Should I force the yoke and see if it frees up? Better not. Whatever is the problem might get worse if I use brute force.
Navigate. I’m still over my practice area with DPA 15 miles to the east. Can I maneuver the Aerobat with just the rudder and throttle? Let’s see. Rudder to a heading of 110 degrees and work the throttle to maintain altitude. Yes, it works. Sloppy but I’m there. I think I can pull this off.
It was time to call the field.
Communicate. I called DuPage Tower with my location: “I’m 15 miles due west of the field at 3,500 feet. Except for rudder controls and a working throttle, my other controls are frozen. I can basically fly the plane in the direction of the airport, over.”

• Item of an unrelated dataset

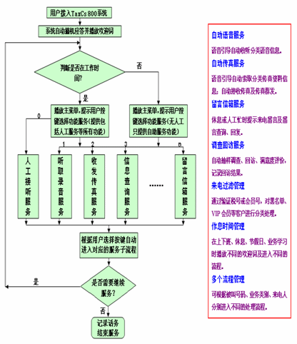 - 全天候24小時接受用戶服務,支持上下班、休息、節(jié)假日等作息時間管理,在工作時間或休息時間播放不同的歡迎引導詞及提供不同的服務;

The tower advised me to declare an emergency, and I did, requesting the wind vector and routing to the best runway for a straight-in approach, with or without a tailwind.
“Cessna Four-Six-Zero-Six Alpha, we can give you a straight-in to Runway 10 with a quartering tailwind, 7 to 9 knots variable off your left side. Do you feel you can make the field or do you want to bail out over the cornfields?”
I said I was sure I could make the field.
“Cessna Four-Six-Zero-Six Alpha, report at 5 out and 2 out. Good luck.”
Reduce throttle. Start descent. Keep on that left rudder to stay lined up to the left of Runway 10 to adjust for the tailwind. Looks good. Five miles out. Runway in front of me.
“Cessna Four-Six-Zero-Six Alpha, this is DuPage Tower. We have you in sight. Be advised the winds are now at three-zero-zero at 8 knots, gusting to 10.”
The situation was getting dicey. Put in more left crab and hold it all the way. Three miles out. Reduce power. Stay a little high on the glideslope. One mile out. Reduce power. No flaps. Maintain crab over the numbers. Idle, hold the crab. After a nice, smooth flare, I straightened the nose and touched down. A real greaser.
I taxied to tiedown, killed the mixture and the battery, pulled the keys, and chocked the nosewheel. Once inside the flight standards district office building, I contacted the manager of the Cessna club and described what happened. He was at the field in 20 minutes. Popping open the door of the airplane, he stuck his head and flashlight behind the yoke just aft of the firewall. Straightening up, he grabbed the yoke and yanked it hard to the right. Another crack and pieces of brittle, yellowed plastic rained down on the rudder pedals. The yoke was free.
The plastic was part of the airspeed feed tubing from the static port and the pitot tube to the airspeed indicator. It had hardened with age and had come loose from its support as a result of my 4-G pull-ups, wedging into the chain pivot controlling the ailerons and elevators. Had I yanked the yoke, I would have regained bi-directional control, but without airspeed input.
In retrospect, I realized I was never in serious danger. I had altitude, time to plan, and a situational awareness gained from my many hours of aerobatics. How ironic, though, that in 50 years of flying various high-performance aerobatic aircraft, it was the lowly Cessna Aerobat that gave me my biggest scare.AOPA
David Werdegar is a private pilot who lives in Illinois.